De pronto me apeteció oírle más, a De la Garza, más chachara y más disparates y más símiles chuscos (tal vez yo echaba en falta mi lengua más de lo que me reconocía), pese a que su lado patriotero le surgía siempre como un estigma, sin él proponérselo necesariamente: 'con la nuestra', había dicho, ese temible sentido de la pertenencia. Pensé si me estaría pasando con él (salvando largas distancias) algo semejante a lo que le pasaba a Tupra conmigo: yo lo divertía, se sentía a gusto en nuestras sesiones de conjetura y examen, en nuestras conversaciones o tan sólo oyéndome ('Qué más', me reclamaba. 'Qué más se te ocurre. Dime lo que piensas y qué más has visto'), acaso le sonaba agradable el acento canadiense que me había atribuido la noche que nos conocimos, o de la Columbia Británica más precisamente, él había estado en todas partes. Es todo cuestión de verle de repente a alguien la gracia, incluso a quien lo saca a uno de quicio, eso es posible y también peligroso, verle al ser más detestado una pizca de impensada gracia (la solución de la mayoría -la precaución mejor dicho- es no admitir ni el mero atisbo, y fingirse ciego). Tupra me la veía sin duda, y casi desde el principio; era inesperado y más extraño que yo le descubriera alguna a Rafita al cabo de dos encuentros y de tanto chincharme, luego aún podía ser un espejismo que no me durara nada.
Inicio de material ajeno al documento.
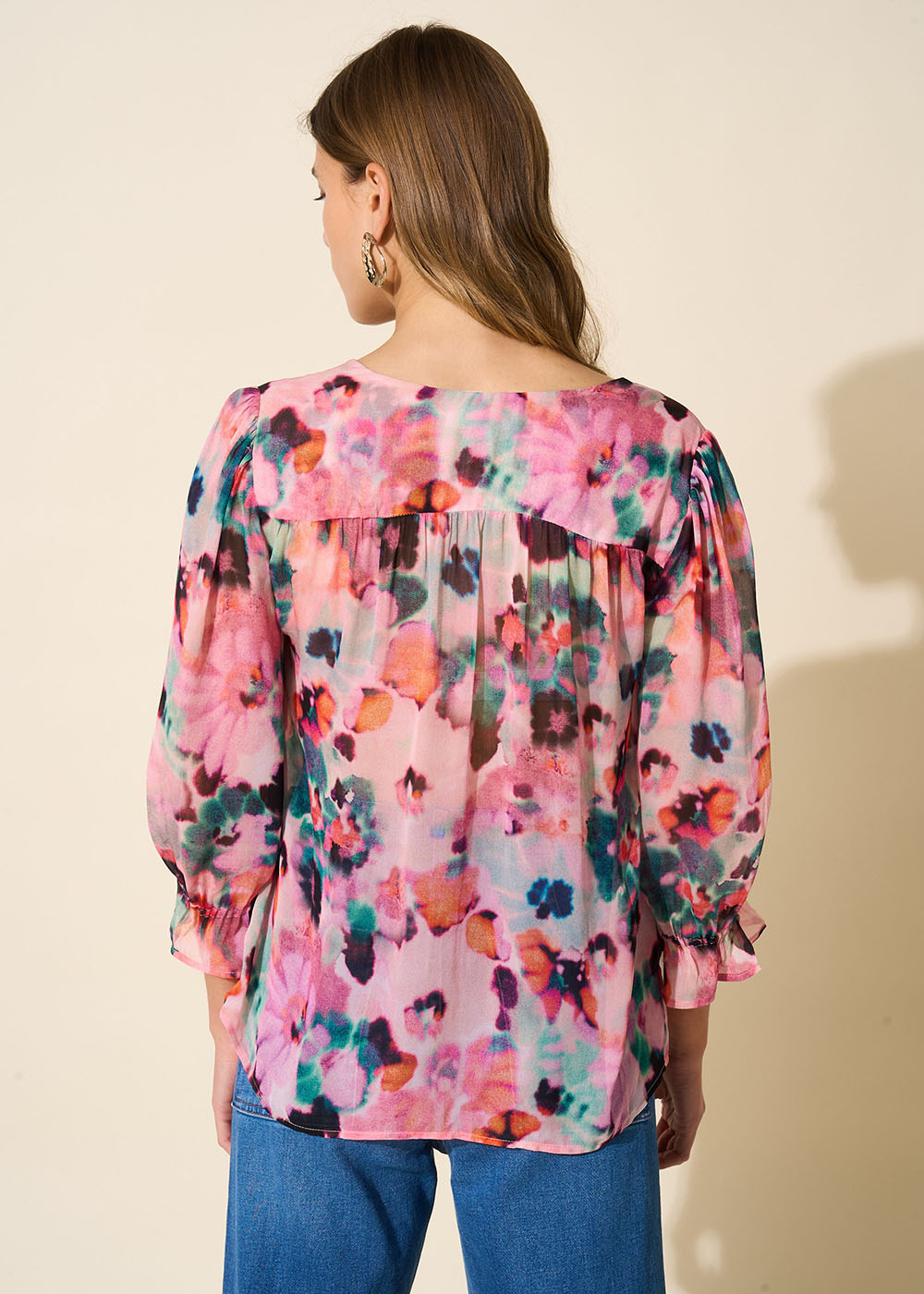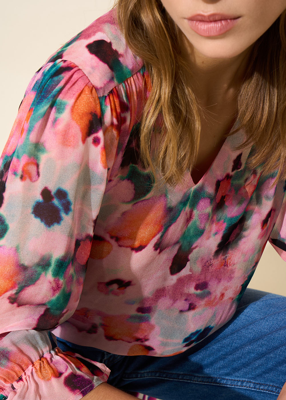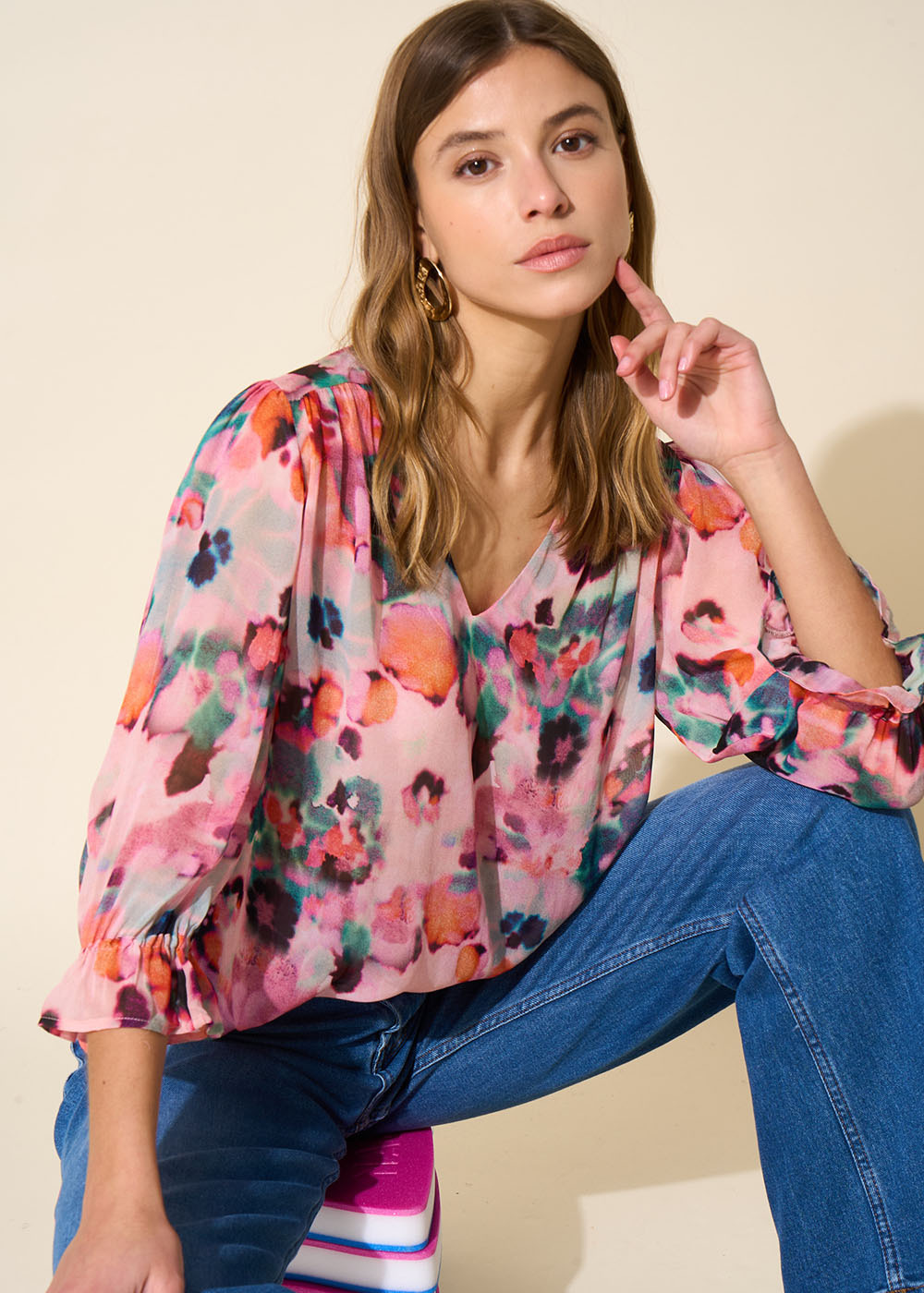 La blouse TOMALIA se distingue par son imprimée vitaminée. Elle détient un col V et des manches 3/4. Portez la avec votre jean favoris.

En cuanto al bottox, sí debía de ser lo que yo había inferido, porque la toxina botulínica producía en efecto parálisis muscular, atacaba el sistema nervioso, uno acababa por no poder hablar ni tragar (ah, una enfermedad para suprimir el habla), más tarde ni respirar y moría así, por asfixia, eso recordaba de las advertencias familiares durante mi infancia, cuando aún se temía cualquier abolladura en una lata, o que al abrirlas se escaparan gases, o el más mínimo olor impropio que desprendieran cerradas, las conservas no eran ya novedad en modo alguno pero tampoco estaban tan extendidas y las abuelas desconfiaban, las madres ya no o sólo un poco, por el ascendiente; en toda mi vida había sabido de nadie aquejado de botulismo en España (o acaso en atrasadísimas zonas rurales), pero se me había quedado una frase de la aprensión reinante, jamás se borra lo que impresiona de niño, una frase de mi abuela materna, creo, lo que al niño impresiona lo recuerda ya siempre el adulto que lo sustituye, hasta el último día, y era de esas amenazas que uno toma entonces al pie de la letra, aterrado por la instantaneidad atribuida al veneno, deslumhrado por el prestigio de lo fulminante y extremo, que permite fantasear sin límites y en las dos trincheras, como víctima y como asesino: 'Bajo ningún concepto debéis siquiera probar el contenido de una lata o una conserva dudosas, y lo son la mayoría', habríamos oído los cuatro prevenir a las criadas; 'porque si está malo, esa toxina es tan fuerte que a veces puede ser mortal el simple contacto con la punta de la lengua'.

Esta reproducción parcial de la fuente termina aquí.